Work to be completed:
Having located the line with "献立 はちみつパン 牛乳 ポークビーンズ グリーンサラダ ヨーグルト", repeat it and all remaining lines of the records exactly. Pictures do not belong in the answer.

Excerpted records:
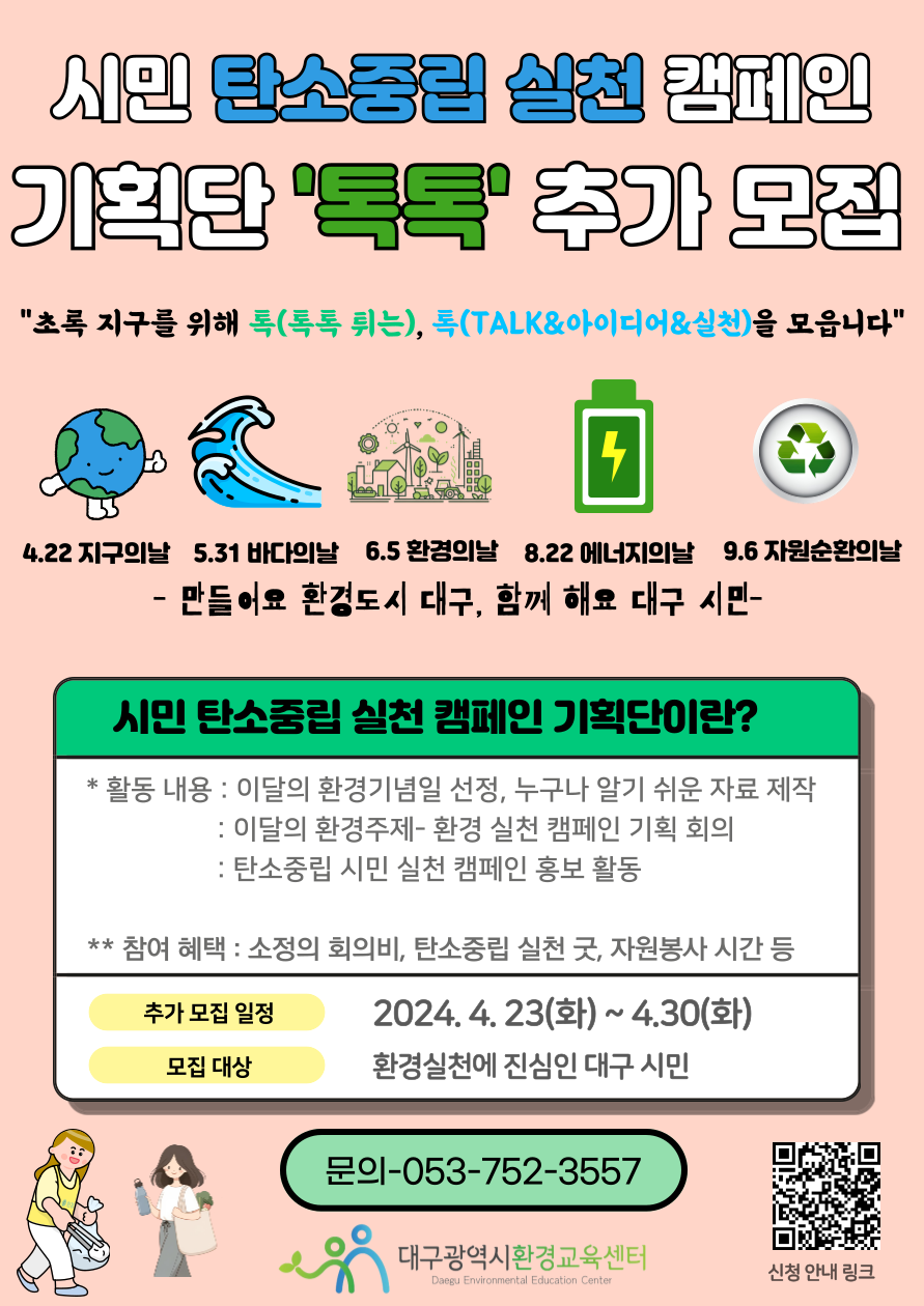 시민 탄소중립 실천 캠페인 기획단 '톡톡' 모집작성자 : 주영 작성일 : 24-04-23
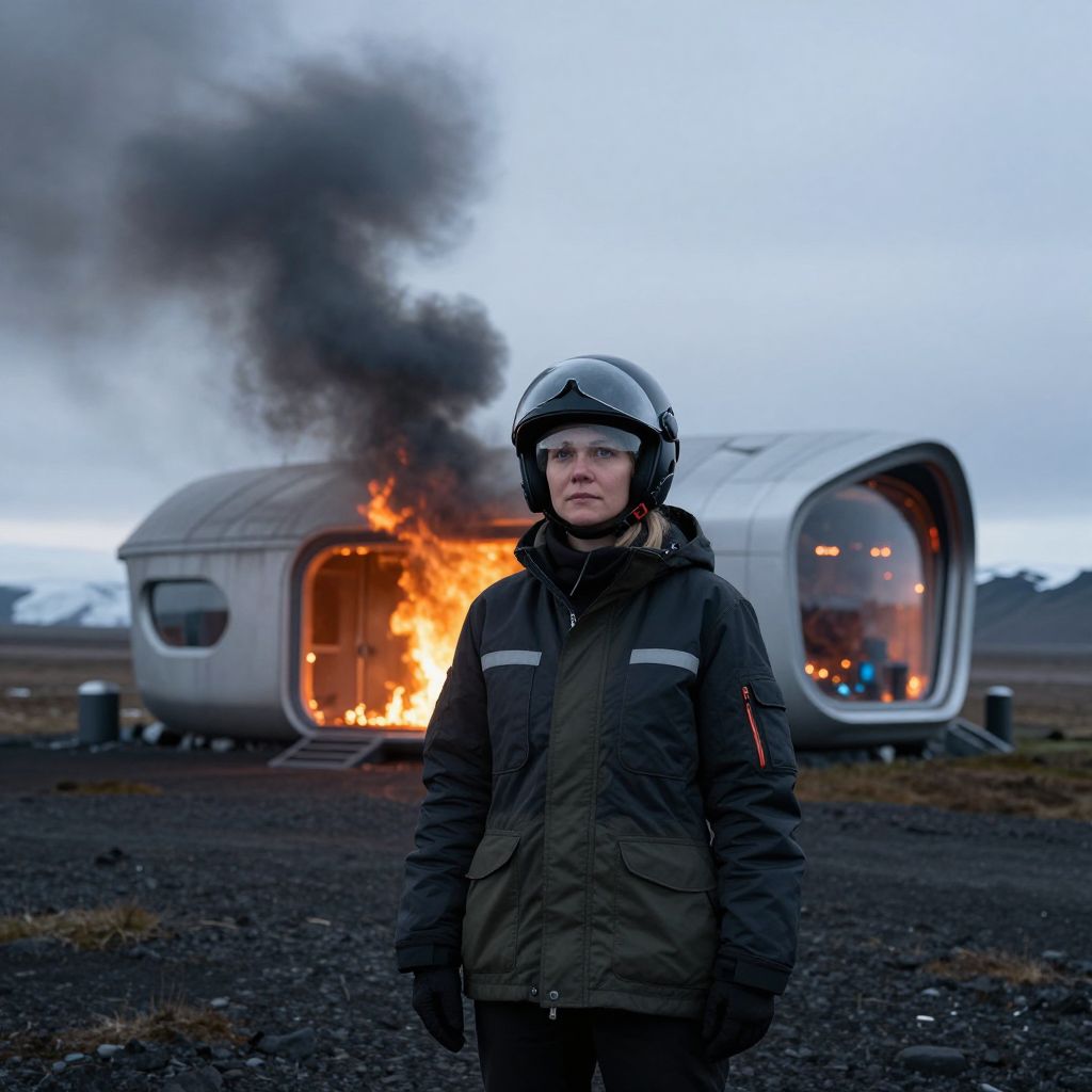 A woman in a reflective helmet and utility jacket stands in front of a futuristic home on fire with black smoke, set against a muted, cold Icelandic landscape at dusk.
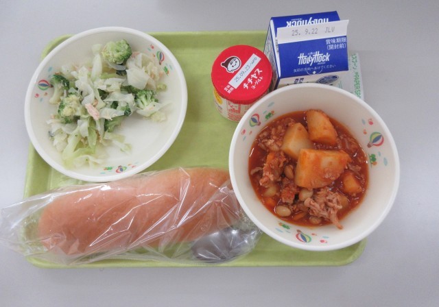献立 はちみつパン 牛乳 ポークビーンズ グリーンサラダ ヨーグルト
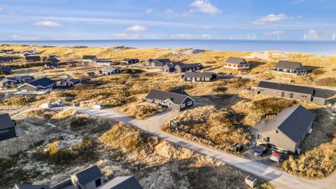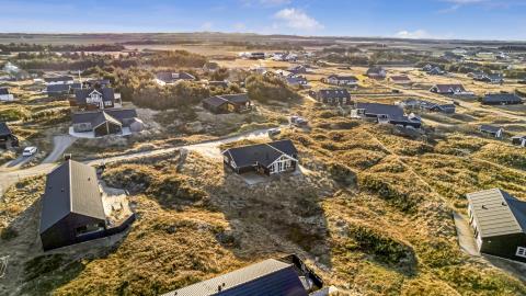 Feriehuset er beliggende på en 1.200 m2 stor klitgrund kun 250 meter fra Vesterhavet. Dejligt terrasseanlæg med havemøbler, solvogne og grill. Nyd den helt unikke mulighed det er at sidde på terrassen samtidig med at man kan hører Vesterhavet lige på den anden side af klitterne, Der er også rig mulighed for at nyde solen, hinanden eller en god grillaften. Gå en tur med hunden i det rolige feriehusområde, henover de høje klitter og straks derefter åbenbarer Vesterhavet sig. Hver dag byder Vesterhavet på nye maleriske oplevelse, der invitere til en frisk gå- eller løbetur. Eller hvad med en lille tur på ca. 10 – 15 min op til områdets lille købmand som i sæsonen har åbent og byder på frisk morgenbrød og hvor de daglige indkøb også kan klares. Så hvad enten du er til aktiv ferie eller total afslapning danner dette flotte feriehus den perfekte ramme både hvad angår hus, beliggenhed og omgivelser. Indenfor kort køre afstand nås både den aktive handelsby i Lemvig med flere specialbutikker eller den unikke fiskerby Thyborøn som udover den aktive fiskerihavn også byder på badestrand og op til flere aktivitetstilbud, som alle er et besøg værd.
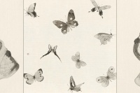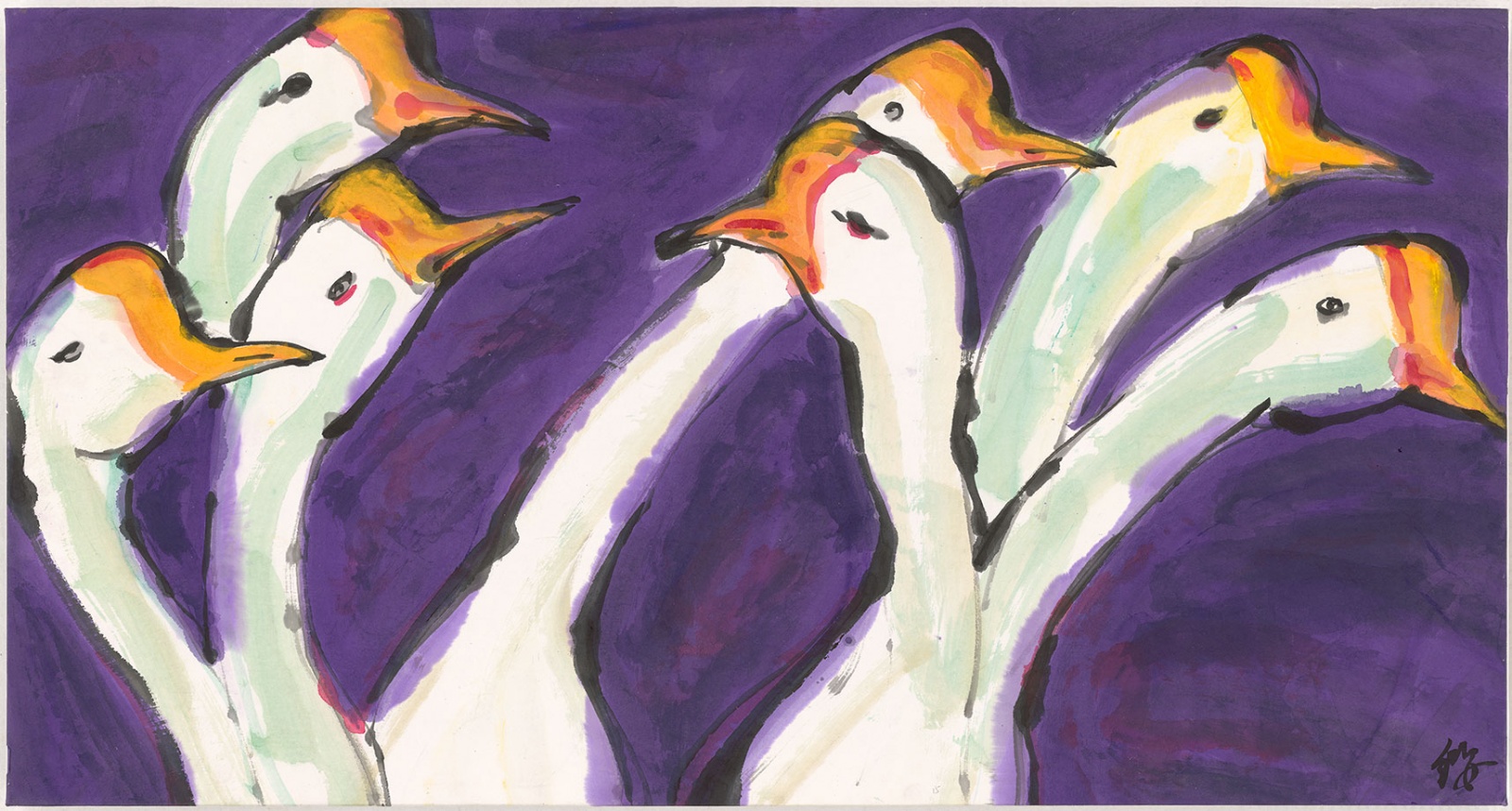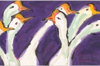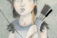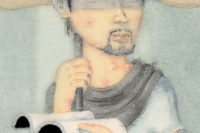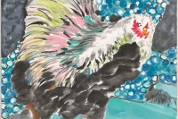 梁缨,1961年生,女承父业,现任北京市黄胄美术基金会理事长、炎黄艺术馆常务理事。梁缨的画,用笔用墨都相当自由奔放,笔墨对于她的意义就在于直抒心境。梁缨特别擅长从细微处入手,《七贤》《两只雏鹰》《何处觅三英》《灿烂鸡翅》,便是从任伯年和父亲黄胄的作品画起,尝试动物在画面中被放大之后的张力感,简洁明快,有着出人意料的兴味生机。《墨池鱼化龙》《天王与老牛》,则是梁缨从石窟壁画出发对佛教和神鬼怪力,天马行空的个人体悟。此批新作的宣纸,还是三十多年前父亲黄胄先生送给梁缨的老纸,故纸新作,水墨新语。
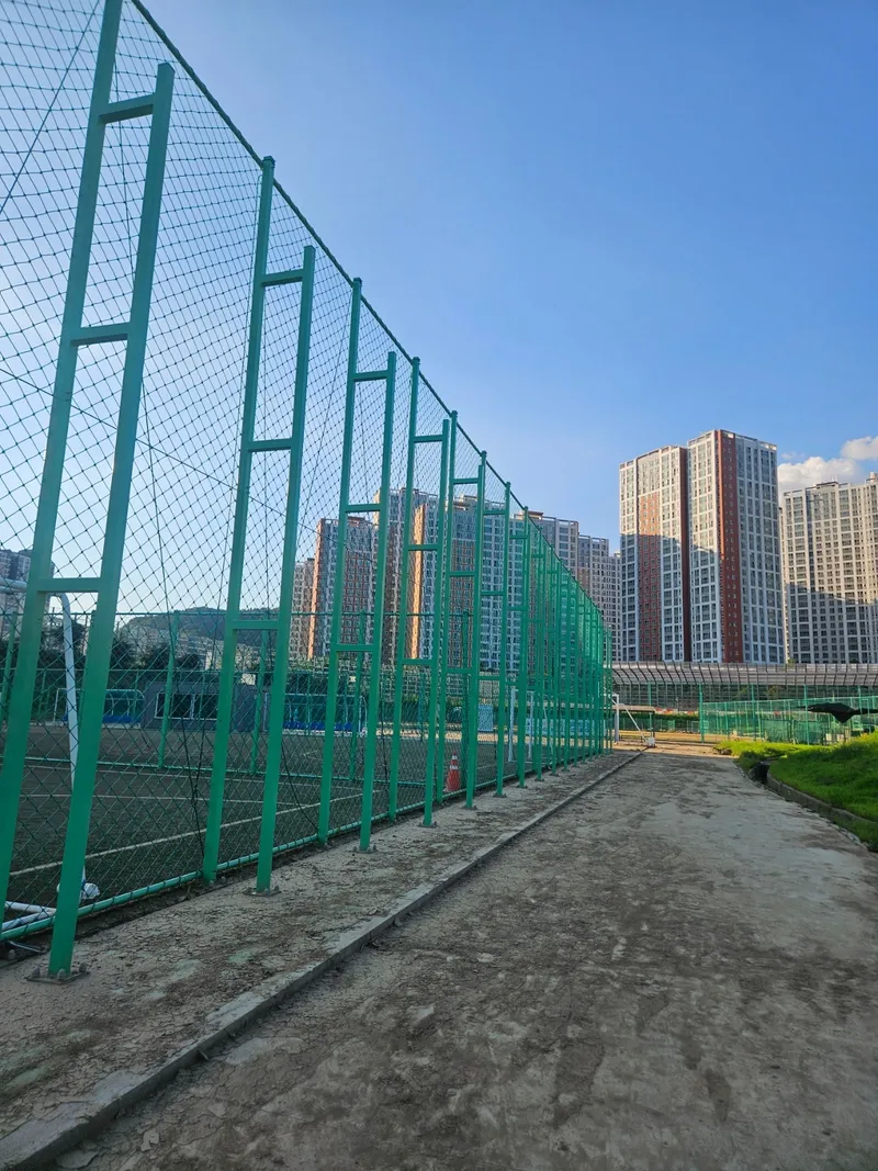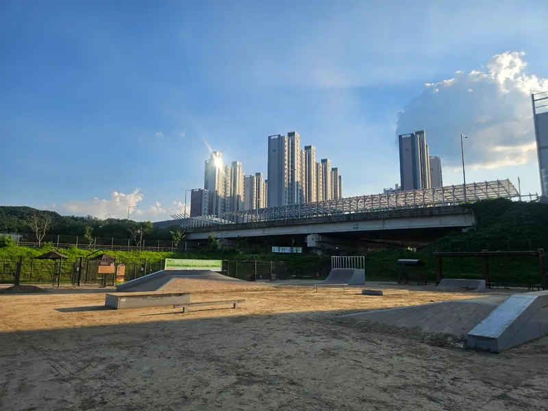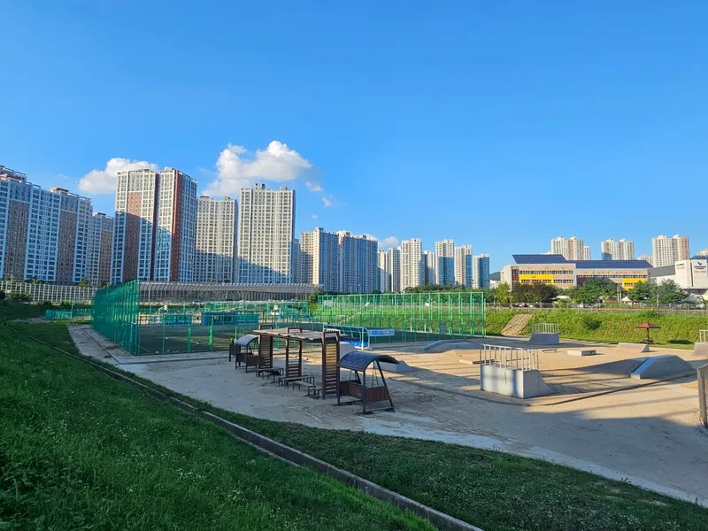 의정부 민락동의 송산 반려견 놀이터는 주변에 다양한 체육시설이 밀집해 있어 지역 주민들에게 매우 유용한 공간으로 자리 잡고 있습니다. 반려견 놀이터 바로 옆에는 풋볼장, 농구장, 야구장이 나란히 위치해 있어 운동과 여가 활동을 동시에 즐기기에 좋습니다. 또한 인근의 활기체육공원에는 다양한 운동기구와 산책로가 마련되어 있고, 푸른마당공원에는 테니스장이 조성되어 있어 유휴지를 효율적으로 활용한 좋은 사례로 평가됩니다.
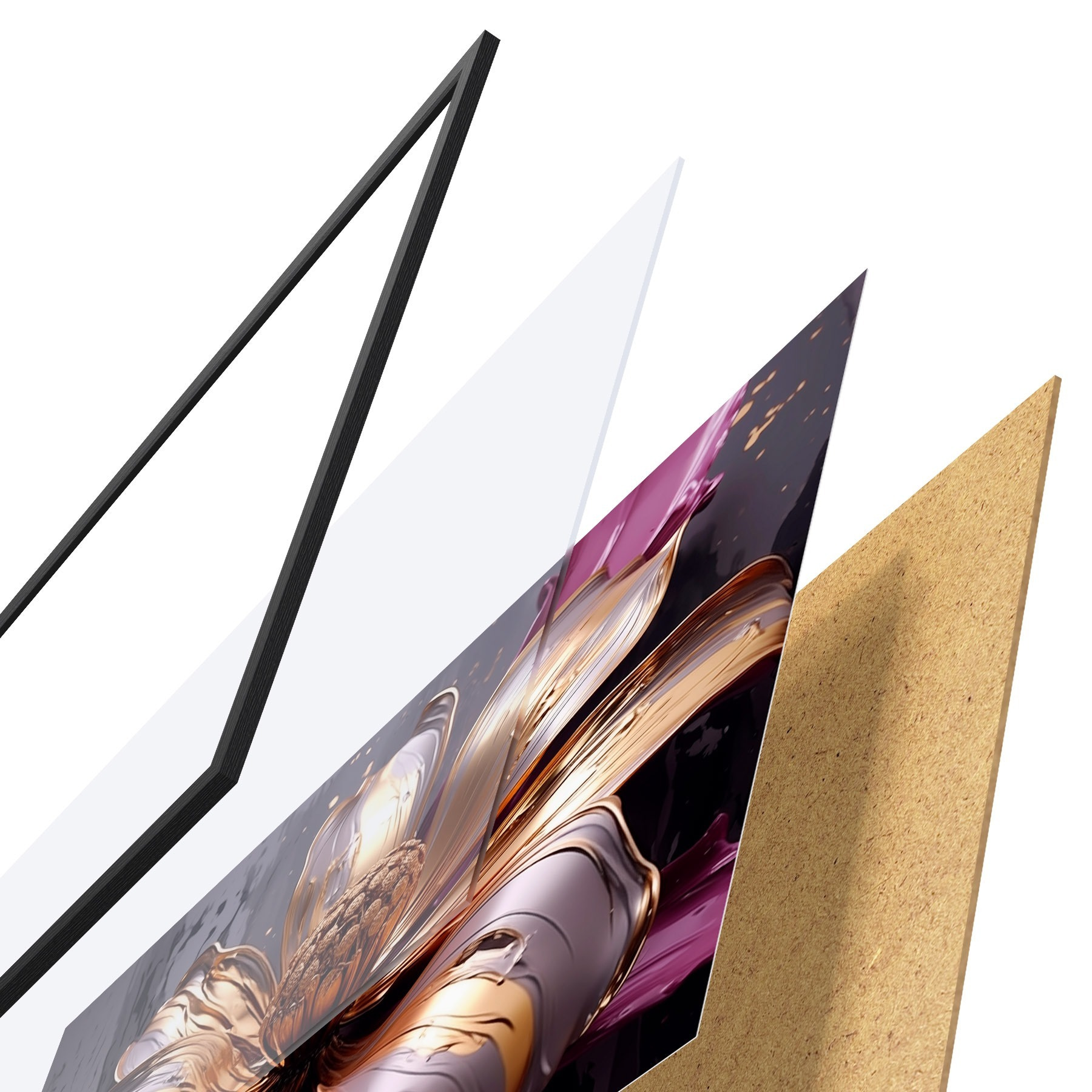 De poster bestaat uit een frame, plexiglas, geprinte afbeelding en spaanplaat achterkant. De poster kan meteen aan de muur worden gehangen dankzij de bevestigingen op de achterkant.

Answer box:
献立 はちみつパン 牛乳 ポークビーンズ グリーンサラダ ヨーグルト
 Feriehuset er beliggende på en 1.200 m2 stor klitgrund kun 250 meter fra Vesterhavet. Dejligt terrasseanlæg med havemøbler, solvogne og grill. Nyd den helt unikke mulighed det er at sidde på terrassen samtidig med at man kan hører Vesterhavet lige på den anden side af klitterne, Der er også rig mulighed for at nyde solen, hinanden eller en god grillaften. Gå en tur med hunden i det rolige feriehusområde, henover de høje klitter og straks derefter åbenbarer Vesterhavet sig. Hver dag byder Vesterhavet på nye maleriske oplevelse, der invitere til en frisk gå- eller løbetur. Eller hvad med en lille tur på ca. 10 – 15 min op til områdets lille købmand som i sæsonen har åbent og byder på frisk morgenbrød og hvor de daglige indkøb også kan klares. Så hvad enten du er til aktiv ferie eller total afslapning danner dette flotte feriehus den perfekte ramme både hvad angår hus, beliggenhed og omgivelser. Indenfor kort køre afstand nås både den aktive handelsby i Lemvig med flere specialbutikker eller den unikke fiskerby Thyborøn som udover den aktive fiskerihavn også byder på badestrand og op til flere aktivitetstilbud, som alle er et besøg værd.
 梁缨,1961年生,女承父业,现任北京市黄胄美术基金会理事长、炎黄艺术馆常务理事。梁缨的画,用笔用墨都相当自由奔放,笔墨对于她的意义就在于直抒心境。梁缨特别擅长从细微处入手,《七贤》《两只雏鹰》《何处觅三英》《灿烂鸡翅》,便是从任伯年和父亲黄胄的作品画起,尝试动物在画面中被放大之后的张力感,简洁明快,有着出人意料的兴味生机。《墨池鱼化龙》《天王与老牛》,则是梁缨从石窟壁画出发对佛教和神鬼怪力,天马行空的个人体悟。此批新作的宣纸,还是三十多年前父亲黄胄先生送给梁缨的老纸,故纸新作,水墨新语。
 의정부 민락동의 송산 반려견 놀이터는 주변에 다양한 체육시설이 밀집해 있어 지역 주민들에게 매우 유용한 공간으로 자리 잡고 있습니다. 반려견 놀이터 바로 옆에는 풋볼장, 농구장, 야구장이 나란히 위치해 있어 운동과 여가 활동을 동시에 즐기기에 좋습니다. 또한 인근의 활기체육공원에는 다양한 운동기구와 산책로가 마련되어 있고, 푸른마당공원에는 테니스장이 조성되어 있어 유휴지를 효율적으로 활용한 좋은 사례로 평가됩니다.
 De poster bestaat uit een frame, plexiglas, geprinte afbeelding en spaanplaat achterkant. De poster kan meteen aan de muur worden gehangen dankzij de bevestigingen op de achterkant.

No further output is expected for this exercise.